For a long time I did all my workouts in a fasted state; usually they were in the morning and I didn’t feel terribly hungry, so a cup of coffee sufficed to get me into the gym. I put on 35 pounds of muscle doing this, albeit I was pretty skinny when I started, so that was from a low base. I no longer workout fasted, the reason for which I’ll describe below.
The basis for fasted workouts is usually given as greater fat loss. The idea is that with no fuel added right before the workout, your body will need to burn fat to supply the workout with energy. There’s some basis for this – it’s not all broscience – since any protein or carbohydrate in food raises insulin levels. Even small increases in the level of insulin all but abolish lipolysis, the process of fat breakdown. When one is fasting, insulin levels are low, and lipolysis proceeds apace.
This is all very well in theory, but does it work in real life? Some researchers recently tried to answer that question: Body composition changes associated with fasted versus non-fasted aerobic exercise. From the abstract:
It has been hypothesized that performing aerobic exercise after an overnight fast accelerates the loss of body fat. The purpose of this study was to investigate changes in fat mass and fat-free mass following four weeks of volume-equated fasted versus fed aerobic exercise in young women adhering to a hypocaloric diet.

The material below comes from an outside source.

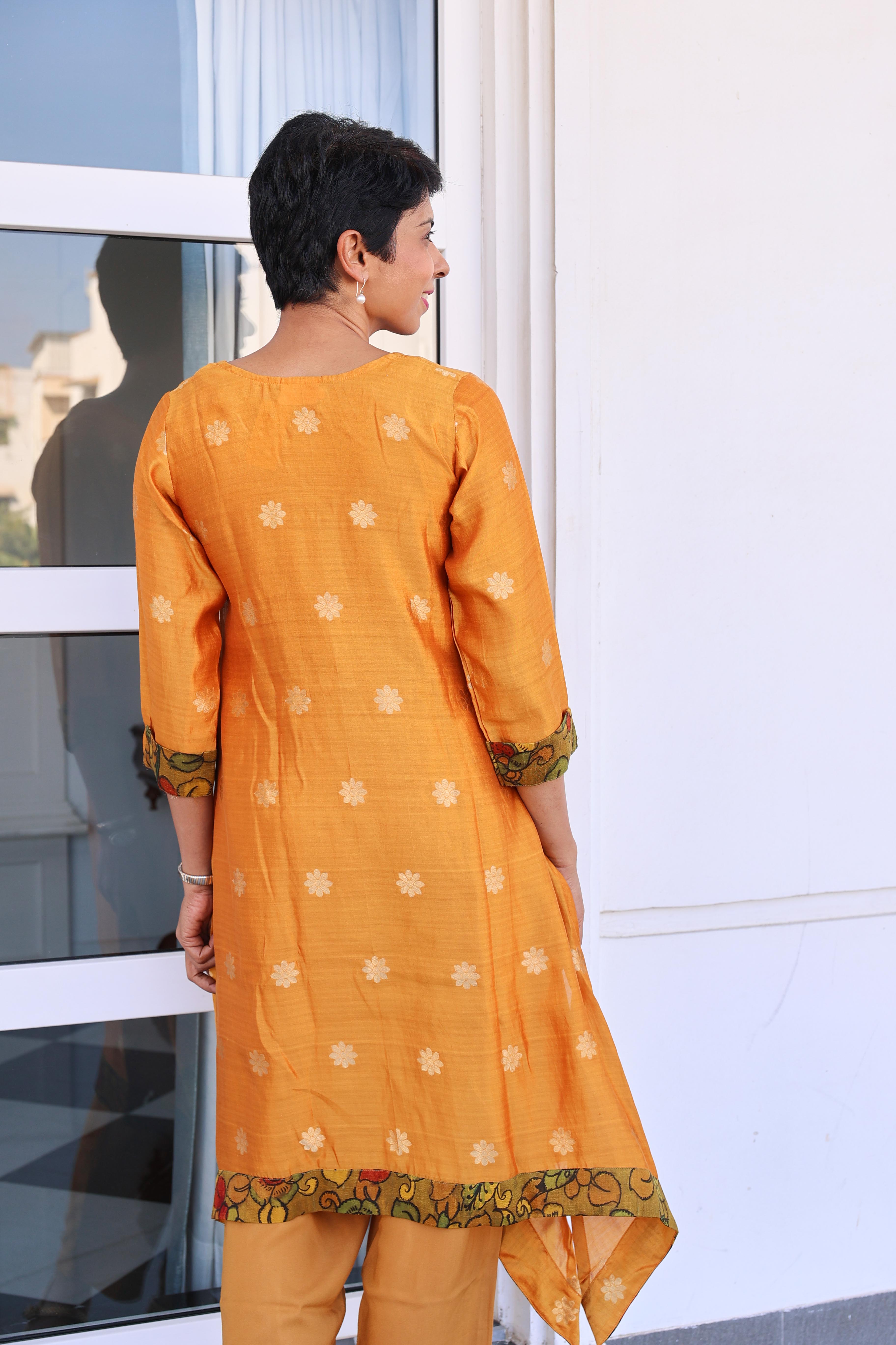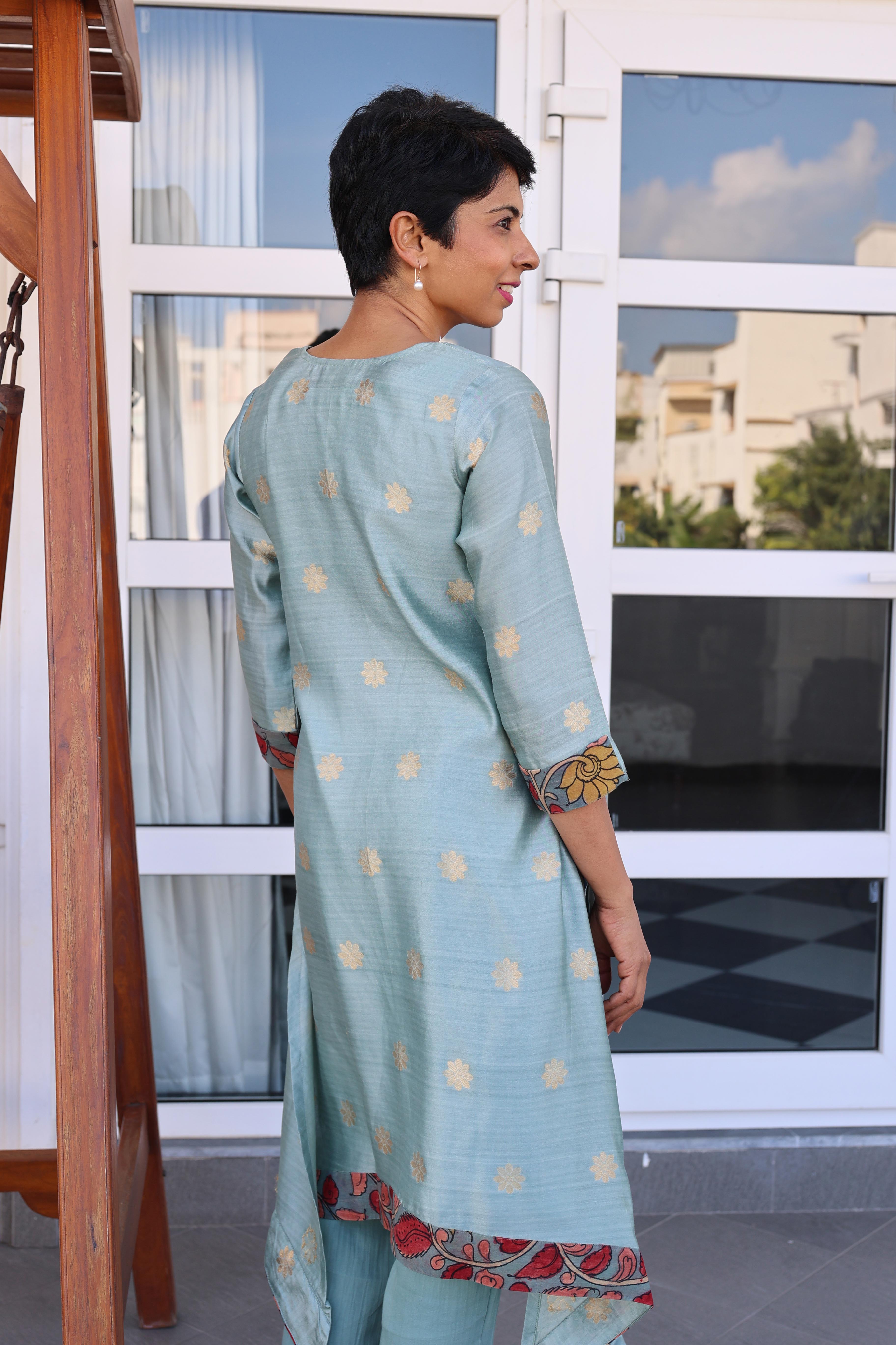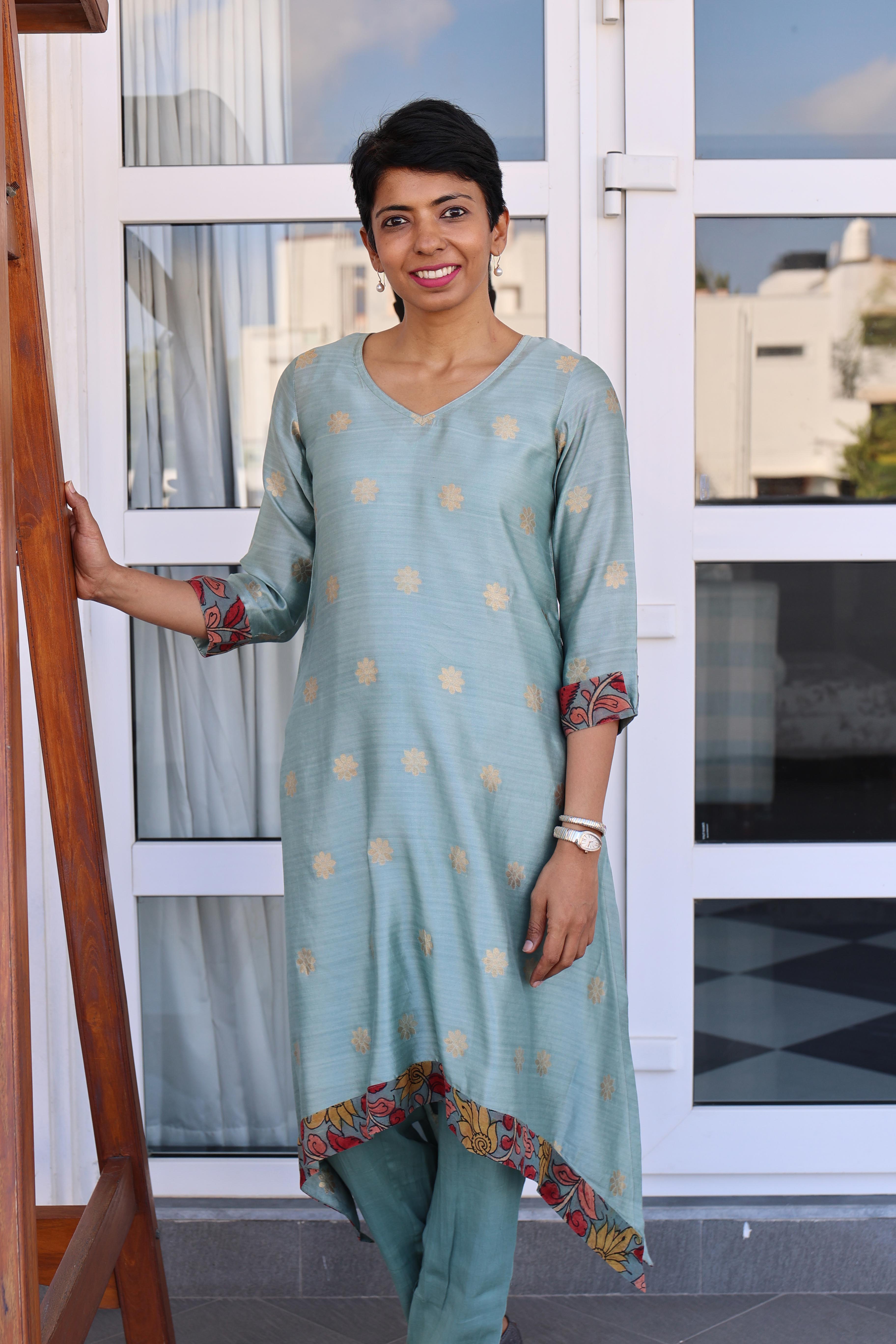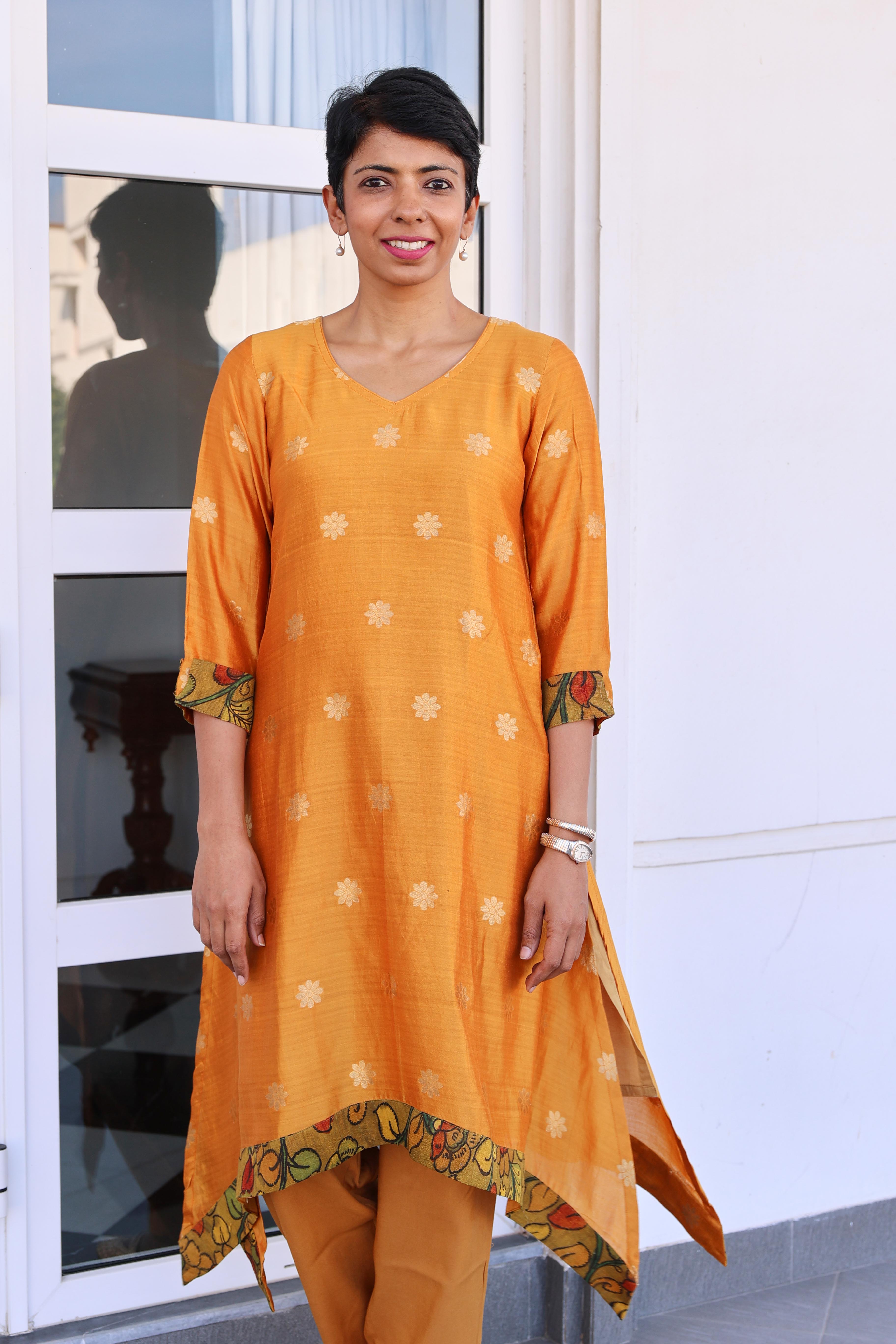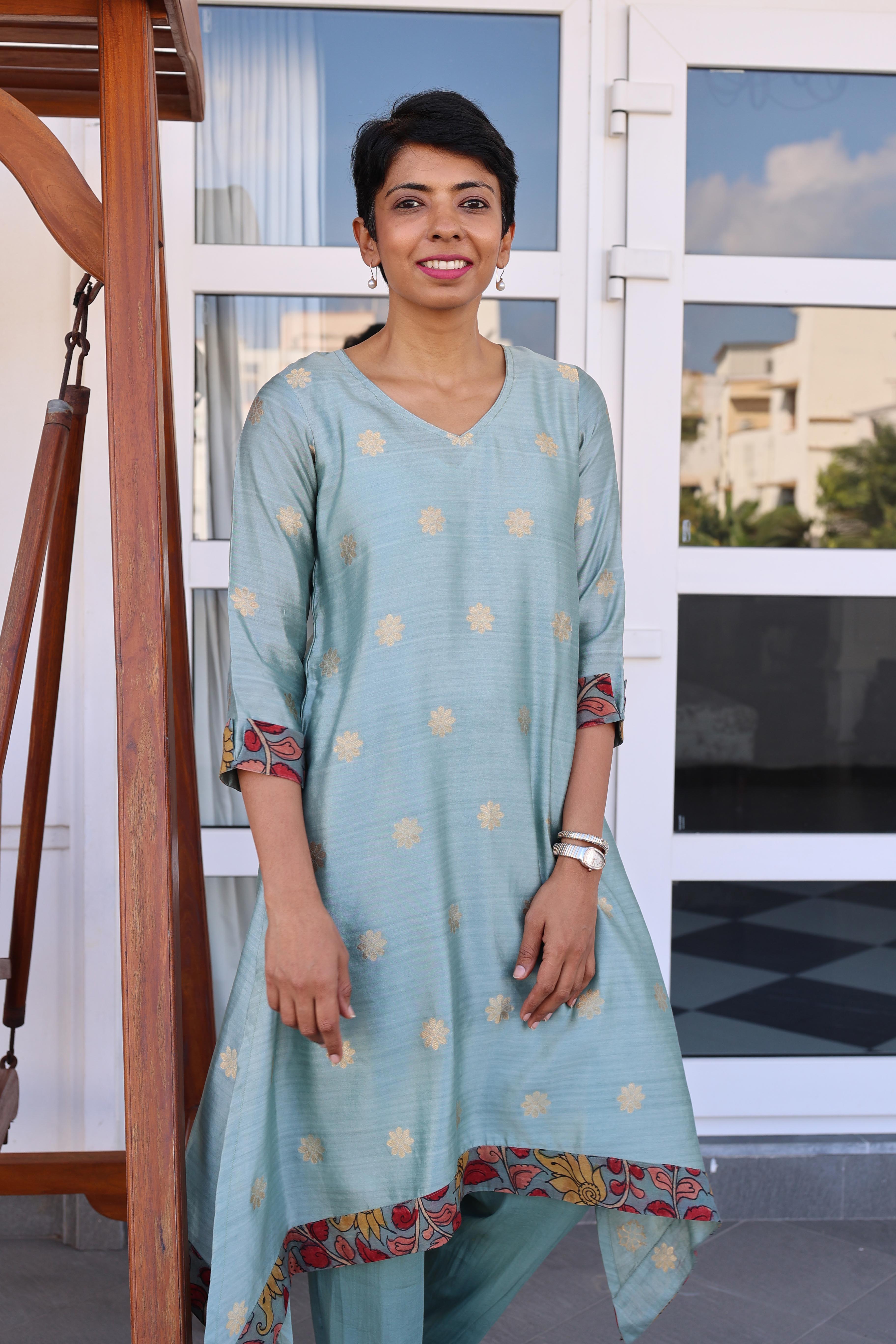 - Hand painted kalamkari detailing on the hemline and sleeves

Twenty healthy young female volunteers were randomly assigned to 1 of 2 experimental groups: a fasted training (FASTED) group that performed exercise after an overnight fast (n = 10) or a post-prandial training (FED) group that consumed a meal prior to exercise (n = 10). Training consisted of 1 hour of steady-state aerobic exercise performed 3 days per week. … A meal replacement shake was provided either immediately prior to exercise for the FED group or immediately following exercise for the FASTED group, with this nutritional provision carried out under the supervision of a research assistant. Both groups showed a significant loss of weight (P = 0.0005) and fat mass (P = 0.02) from baseline, but no significant between-group differences were noted in any outcome measure. These findings indicate that body composition changes associated with aerobic exercise in conjunction with a hypocaloric diet are similar regardless whether or not an individual is fasted prior to training.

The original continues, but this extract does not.